Route setters: Shauna Coxsey and Emma Twyford are leading the way in the UK to create opportunities for women in the climbing world

By Hannah Bailey

Even if you don’t know much about climbing (and there is a lot to know, including a whole dictionary of terms) the names Shauna Coxsey and Emma Twyford may ring a bell. They are two of the biggest current climbers on the UK scene; Emma known for her trad climbing and a record-breaking “Big Bang” climb in 2019. Whilst Shauna is a boulder World Champion who represented team GB in the historical Tokyo Olympic Games which included climbing for the first time this year.

Shauna swinging from climbing wall
Boulder World Champion, Shauna Coxsey. Photography by Matthew Bird.

They have set very different routes in their own professional climbing careers, which both span over 25 years. That’s half a century of experience, perspective, hard graft and passion between them. Their similarities go beyond simply their success in the sport of climbing, with both Emma and Shauna working tirelessly and passionately to create opportunities and space for more women in the climbing world. Whether you have never climbed before or you have set your sights on becoming a freelance route setter (a person who designs climbing wall routes), Shauna and Emma are two great spokespeople for forging your own route into climbing and up the wall.

Emma climbing up wall outdoors
Emma Twyford has been climbing for over 25 years. Photography by Ray Wood.

As a professional climber, a Patagonia Ambassador and a freelance route setter, Emma is a unicorn in the industry.“I was incredibly lucky to start outside on traditional rock routes in the Lake District. I think a love of being outdoors was ingrained into me from a very young age and this kept my passion for climbing alive,” she says. Emma has been climbing now for over 25 years and although she spent time on the competitive circuit it was never really for her. The draw of the outdoors was always on her mind, and when she was 24, working full-time and training hard, she realised her love of climbing had evaporated. “In some ways leaving competitions behind was the easiest decision I’d ever made.” she says. “My climbing skyrocketed after that because I was pursuing my genuine love for climbing.” She has gone on to do so much it’s hard to know where to start, but perhaps a good place is with her career highlight and one for the record books. In 2019 she climbed her hardest route to date, The Big Bang (9a). In doing so she became the first British woman to climb this grade. It was a momentous feat.


Emma climbing up wall indoors
Emma is one of the only female route setters in the UK. Photography by Hannah Bailey.

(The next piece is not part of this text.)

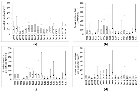 Figure 6 shows the temporal variation in annual streamflow, annual sediment load, unit-area sediment load and unit-discharge sediment load in the five river basins from 2000 to 2017. The length of the box represents the variation of streamflow and sediment load in Taiwan of the specific year. Due to fewer typhoons during 2002–2003, 2010–2011 and 2014–2015, the annual streamflow was lower than other years (Figure 6a). Consequently, the annual sediment load, unit-area sediment load and unit-discharge sediment load (Figure 6b,d) were also low in those years. In contrast, the high values of streamflow and sediment load were found in years that had significant typhoon events. For example, the top three highest annual streamflows were found in 2001, 2007 and 2008 (Figure 6a), while the top three highest sediment loads and unit-area sediment loads (Figure 6b,c) were found in 2008, 2009 and 2017. For unit-discharge sediment load, the top three highest values were found in 2008, 2009 and 2017. The significant typhoon events that brought high values of streamflow or/and sediment loads include typhoon Toraji and Nari in 2000, Sepat and Krosa in 2007, Fungwong, Sinlaku and Jangmi in 2008, Morakot in 2009, Saola in 2012, Soulik and Usagi in 2013, and Haitang in 2017. The average unit-area sediment load in Taiwan during 2000–2017 ranged between 1.80 and 61.11 ton/km2 with the maximum value of 313.78 ton/km2 at STN_3 in the Zhuoshui River basin in 2017, while the average unit-discharge sediment load ranged between 0.99 and 13.58 kg/m3 with the maximum value of 60.26 kg/m3 at STN_3 in the Zhuoshui River basin in 2009 due to the invasion of typhoon Morakot during which heavy rainfalls brought abundant sediments. The time lag between the peak flow and peak sediment shown in Figure 6a,b may be linked with the occurrence of hysteresis effect, when the suspended sediment concentration values were different during the rising and falling limb for the same discharge [45]. Therefore, if the instant discharge and suspended sediment concentration were measured during the rising limb of water discharge, the resultant sediment load may be overestimated. In contrast, the sediment load may be underestimated if the sediment rating curve was constructed using the instant discharge and suspended sediment concentration measured during the falling limb.

Through her climbing, she has sparked a realisation for more women to see what is possible, but she says the industry still has a way to go. As one of the only freelance female route setters in the UK, a hugely technical and physical job, Emma is trying to break down barriers for more women to take up the challenge of it. “We are still in a heavily male dominated industry and although the diversity of participation in climbing has increased, it still hasn’t spread to working within the climbing industry.” she explains. “I think one of the main reasons that holds ladies back from taking on route setting is genuinely a lack of confidence in their own ability.“ Through workshops in partnership with Evie Cotrulia (head setter for White, Red and Green Spider climbing) and Creative Climbing, they are trying to change that mentality and perspective. In 2017, they came up with the idea of  female-only workshops designed to provide a safe and comfortable space for women to try route setting, teaching the basics in the hope it sparks an interest and more women to enter the space and become the route setters.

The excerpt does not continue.